Kraftwerk's crafty work: crossing generations

How can a band that was the rage 40 years ago still be relevant? The question was answered for 1,250 3D bespectacled fans, of whom I was one, on Friday night.

The question is answered at every one of their eight night performances at Tate Modern.

No wonder the Tate’s online booking office crashed the day the tickets for Kraftwerk went on sale; no wonder they are changing hands for £500 apiece on eBay.

The band, their futuristic dark Spiderman suits, the show, the graphics, the power, the throb through the concrete floor are massive.

Adorned in our white cardboard 3D spectacles, we thirsted for more and more. For me I was transported by tracks like Autobahn and Radio-Activity to an age of exuberant hope, when progress was the watchword.

Performing behind their neon etched lecterns Ralf Hütter and his humanoid robots were frequently dwarfed by the vastness that was happening above and beyond them.

Great chunks of action burst out into the auditorium, assaulting the audience, yet never striking them. I grabbed for some of the white semi-quavers that appeared to be hurtling toward me. It was only when I peered over the 3D glasses that I found they were nowhere near me.

Read more: Kraftwerk’s trans-Europe success

But above all it is the impact of the techno music bombarding this vast space. The show has seized the slope of the Tate Modern’s Turbine Hall and thrown the most gigantic screen across the bridge. So every one of us had direct line of sight and sound. Ralf Hütter’s eerie electronicised voice, his hidden hands weaving magic across his equally hidden keyboard.

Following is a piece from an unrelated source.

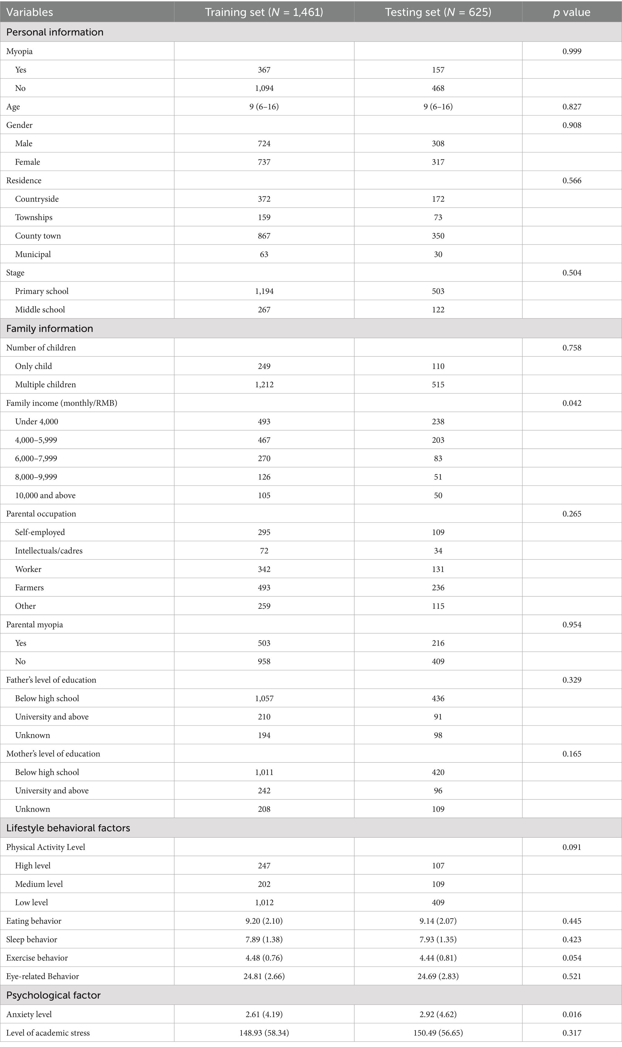 In this study, a questionnaire was used to collect student information. Prior to completing the questionnaire, the researchers provided instructions on how to fill it out, and the class teachers supervised the completion and collection of the questionnaires to ensure their quality. A total of 2,112 participants’ data were collected. During the data preprocessing process, blank samples were removed, and missing values in some samples were filled in. Ultimately, 2,086 samples were retained. The dataset was then divided into a training set (n = 1,461) and a test set (n = 625) at a 7:3 ratio.

Suddenly, you find Bowie in your mind, Coldplay, Madonna even, and Jay-Z. But by far the closest encounter in my mind seemed to be with that amazing 70s band from Liverpool – Orchestral Manoeuvres in the Dark.

Kraftwerk don’t tour much. I recognise I am blessed to be amongst 10,000 who will have seen them live. Sure, I saw the Beatles,  the Stones and the Who live – but I would argue Kraftwerk’s influence is as great if not greater, and persists in looking forward to ever wider horizons.

Ouch –  look out for the VW bounding towards you on the autobahn!